Reigning NASCAR Cup Series champion Ryan Blaney was one of the first ones to pile in and agreed it was just a push from Bowman on Byron that resulted in the carnage.
“I saw a replay and I kind of saw (Bowman) and (Byron) shoving hard and it looks like (Bowman) got out of shape and then (Byron) was trying to find him and then by that time he got turned into Brad and then we were just a byproduct of being in the top lane.
“I couldn’t see a ton, but replay showed just hard pushing and it is what it is.”
William said it was all a byproduct of the noses on the Chevrolets and the impending inevitability of superspeedway racing.
“I hate that it happened,” Byron said. “The 48 and I were working well together on the bottom and somehow got shufled or moved to the middle. He was pushing me in that sequence.
“The 6 (Keselowski) and 1 (Chastain) were snaking all three lanes. Honestly, I think we just got misaligned with our push and I got sideways and hooked the six.
“I feel really bad about that. Things were getting really intense with our pushes. I felt like it was getting to the point I couldn’t handle all the pushes and you just try to get through those moments.”
Four, three, two laps to go …
Then came the final restart with four laps to go, Byron and Chastain controlling a line respectively, a battle ultimately won by Byron.
But that didn’t win him the race … yet.
Byron, Austin Cindric and Corey Lajoie, on the bottom, all cleared Chastain with two laps to go but it wasn’t the end yet for any of them.

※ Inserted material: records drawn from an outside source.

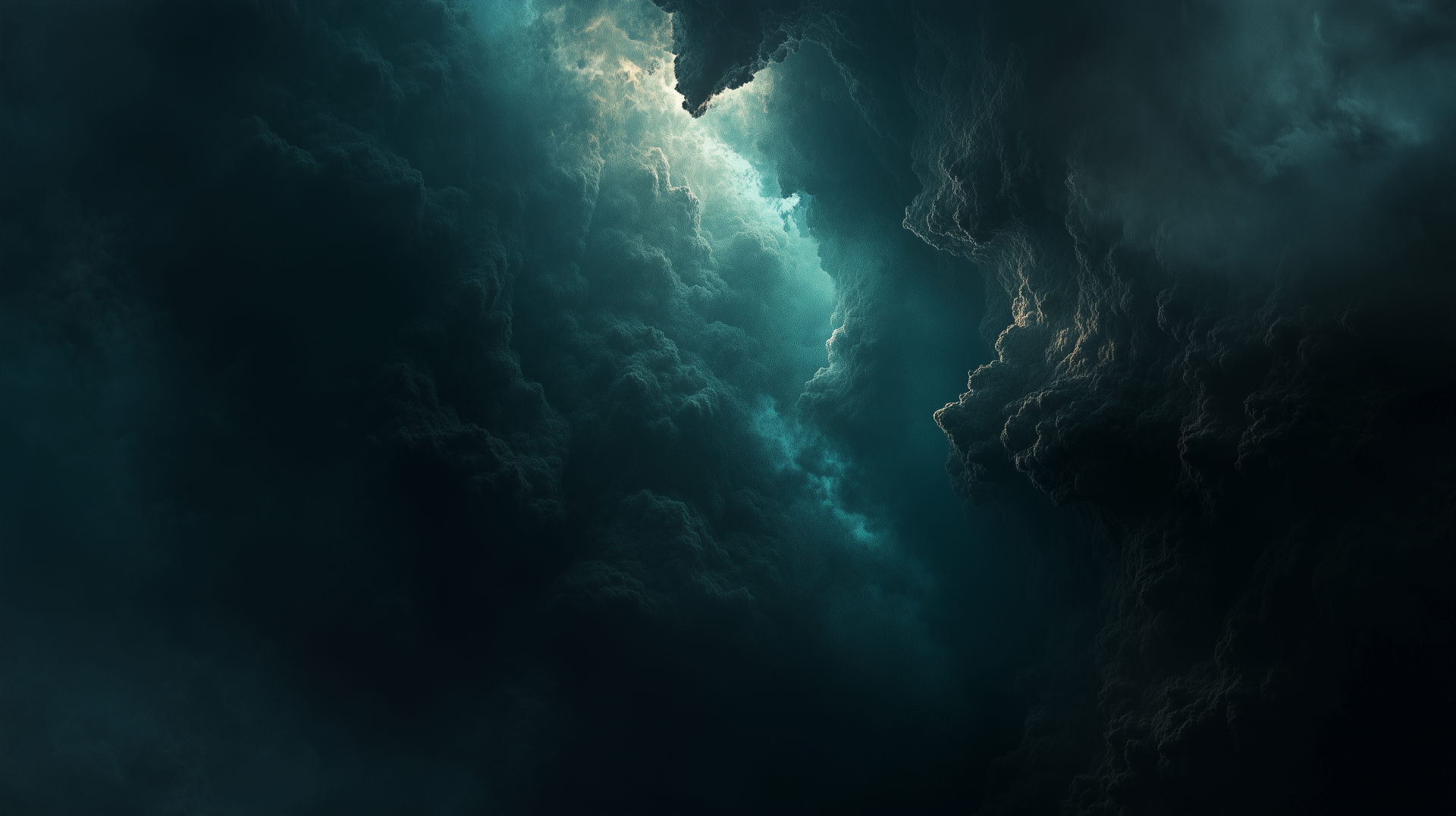 The image captures dark moody storm clouds with dramatic contrasts of shadow and light. A subtle blue hue adds an emotional and epic quality, enhancing the cinematic feel of the scene.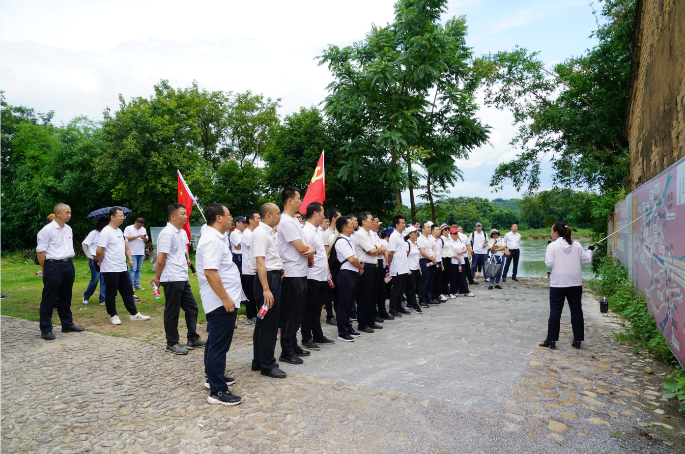 在湘江戰(zhàn)役渡江舊址,全體黨員上了一堂現(xiàn)場教學課。講解員還原湘江戰(zhàn)役各個渡口場景,黨員們被帶回到了那個戰(zhàn)火紛飛的年代,看見了被鮮血染紅的湘江,感受到革命先輩為理想前赴后繼,永不言棄的長征精神。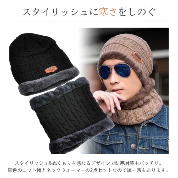 ネックウォーマー ニット帽 帽子 フェイスマスク ビーニー スヌード マスク メンズ レディース 2点セット ふわふわ 防寒 裏起毛 ウィンタースポーツ 送料無料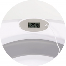 Det integrerede termometer hjælper med at indstille den ideelle vandtemperatur. Afløbshullet med praktisk prop gør tømningen hurtig uden at løfte badekarret.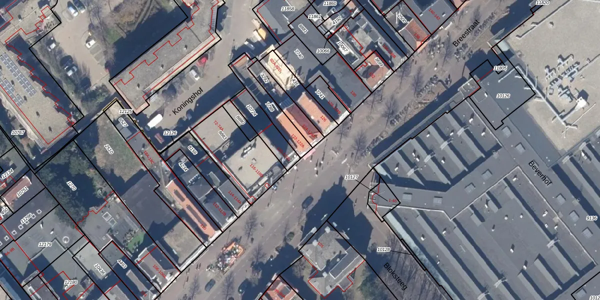 Het perceel waarop Breestraat 122-A staat heeft een oppervlakte van 194 m². Dit is een middelgroot perceel. De perceeloppervlakte wordt geregistreerd door het Kadaster. Gedetailleerde informatie over de maten van dit perceel kunt u vinden in het rapport Kadastrale kaart met maatvoering van Breestraat 122-A.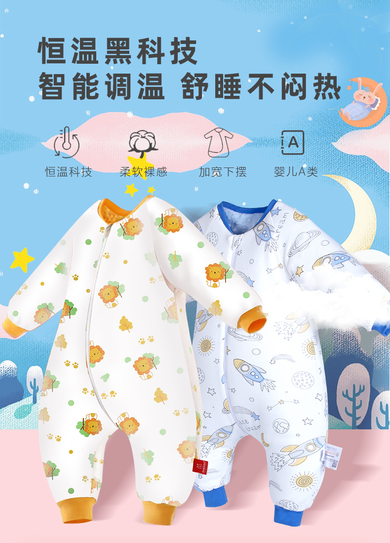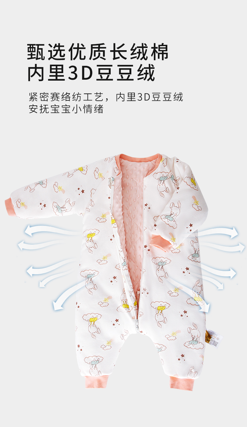 【卡伴】新生儿保暖睡袋豆豆绒防惊跳加厚分腿防踢冬睡袋

Byron faded high to block Chastain and his momentum coming to the white flag on the frontstretch. Chastain darted low. Simultaneously, Lajoie gave a shove to Cindric, who was pushed up the track into Chastain and it sent both cars into the infield grass and out of contention.

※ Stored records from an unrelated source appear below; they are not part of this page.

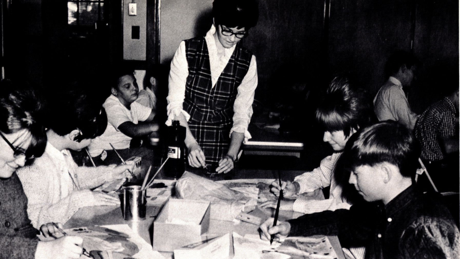 MEMORIAL JUNIOR HIGH 1967 - Art Class & Sewing7IX Mr. Swendsen | Science | 8III and 7V and 8VIII | Spanish & Math | Geography Class | Art Class & Sewing scan | Gym Class Outdoors | Cheerleaders | Basketball | Concert Band | Student Council |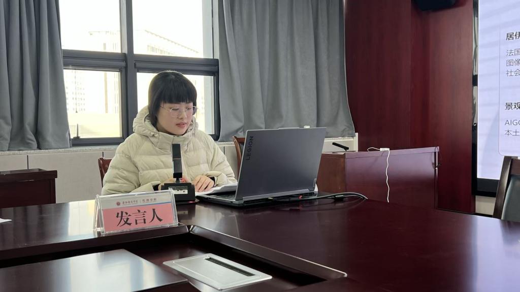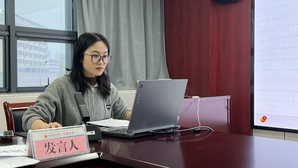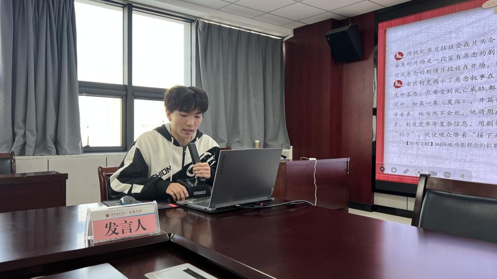 寇炳烁以《计量电影学视域下国产喜剧电影的视听语言分析》为题,从数据视角解析喜剧电影的视觉表达;楚朝艺聚焦《历史纪录片创作方式的当代转型——以<中华史记>为例》,探讨纪录片叙事手法的演变;许美琦以抗战电影为对象,作了《记忆书写与共同体建构:抗战电影的共情叙事研究》的报告;翟晰月关注AIGC技术,分享《情感定制与视觉乌托邦:AIGC在微短剧中的景观生产》;朱芸杉则从中老年受众出发,汇报《中老年坚屏微短剧的戏剧叙事建构——以家庭伦理题材为例》。王璐老师对每篇论文进行了细致点评,并就研究方法、理论支撑与学术表达等方面提出建议。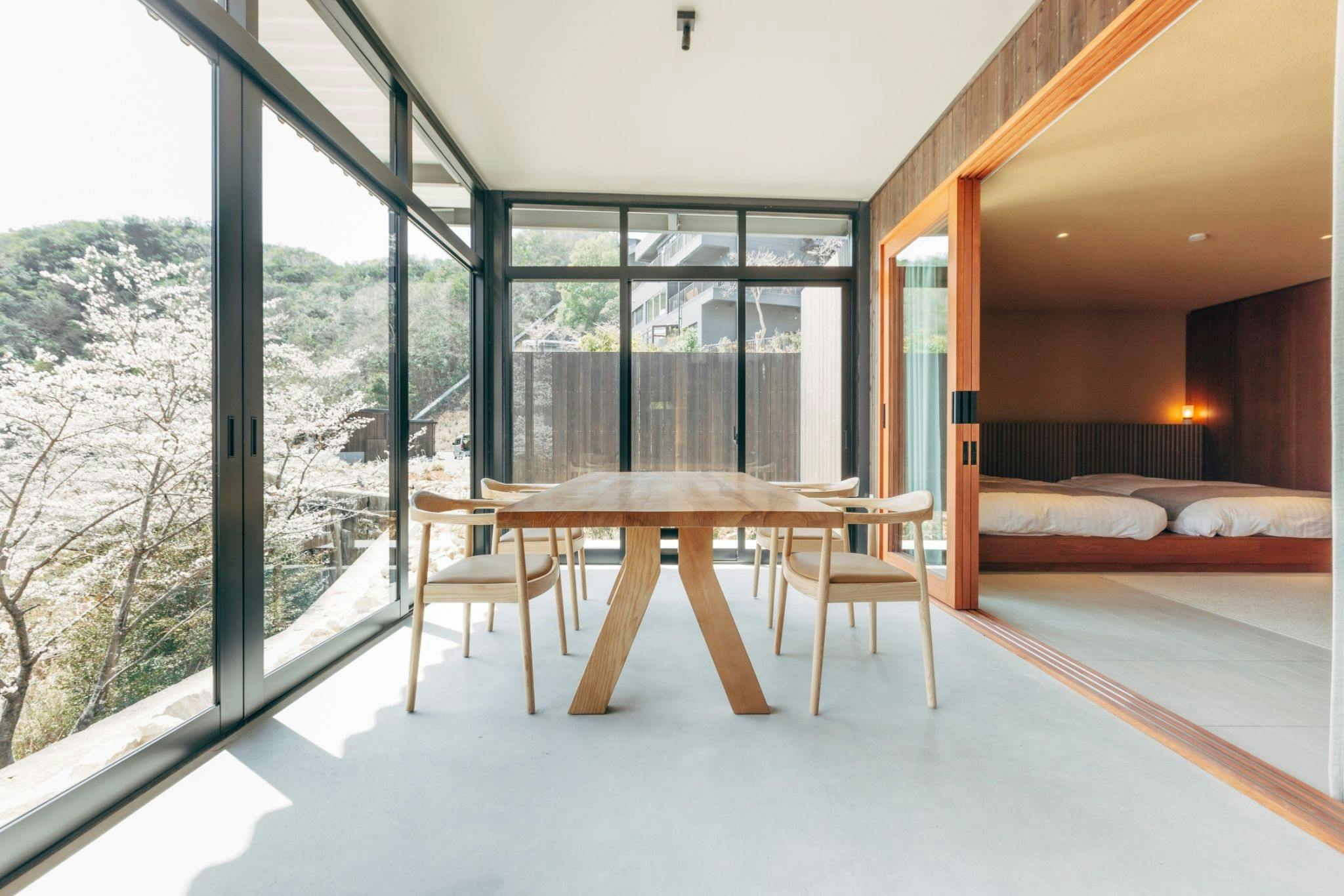 全室アウトドアリビング/キッチン付き額縁のように瀬戸内の景色を切り取り陽の移ろいを映しだすキャンバスとしてしつらえた1日4組だけの特別な空間です。

It was pretty much a racing deal for the biggest race of the year and both Lajoie (who finished fourth) and Chastain, went for it.
“The 2 (Cindric) left the bottom open and I tried to fill it kind of late, lazily and he kind of blocked it, lazily,” Lajoie said. “The 16 (AJ Allmendinger) went with me. The 1 (Chastain) called it quick to try to fill the bottom and get out front. He did the move he needed to do to win the race and I’m glad we came out the other side.”
Chastain virtually echoed that sentiment.
“I took the gap,” Chastain said. “I don’t apologize for that. I can go to sleep at night knowing that I took the white flag making a move to win the Daytona 500.”
Then came a conversation between Cindric and Chastain where they reached an understanding over what happened … ultimately pinning it on Lajoie.
Cindric didn’t see it as him giving up the bottom because he says Lajoie moved him off the bottom.
“Corey finished fourth, so congrats,” Cindric said. “He tried to fit a car where there wasn’t a car and just continued to push through my left-rear until I wrecked. I understand trying to shuck me out or put up an opportunity because I was in probably the best spot possible coming to the white but I’m in the care center and I don’t even know where I finished, so it really sucks but that’s racing.”
The finish
The caution, which came immediately after the leaders crossed the line, ended the race. The field is frozen at the time of the caution if the leader had already taken the white flag.
But the question was who was leading at the time the decision was made to put it out, NASCAR vernacular for when the caution came out. Bowman was closing on Byron close but NASCAR deemed the Hendrick Motorsports No. 24 the winner over the Hendrick Motorsports No. 48.
And this was the basis for that decision.
All things considered, this was a clean Daytona 500, with the only natural cautions taking place on Lap 6, Lap 191 and Lap 200. It will just get overlooked because the meat of the figurative sandwich took out 22 cars.
“I can’t believe we didn’t have more crashing honestly because all it takes is one wrong push, especially with our (Chevrolet) noses because we get off-center so easily with the shape of them,” Byron said.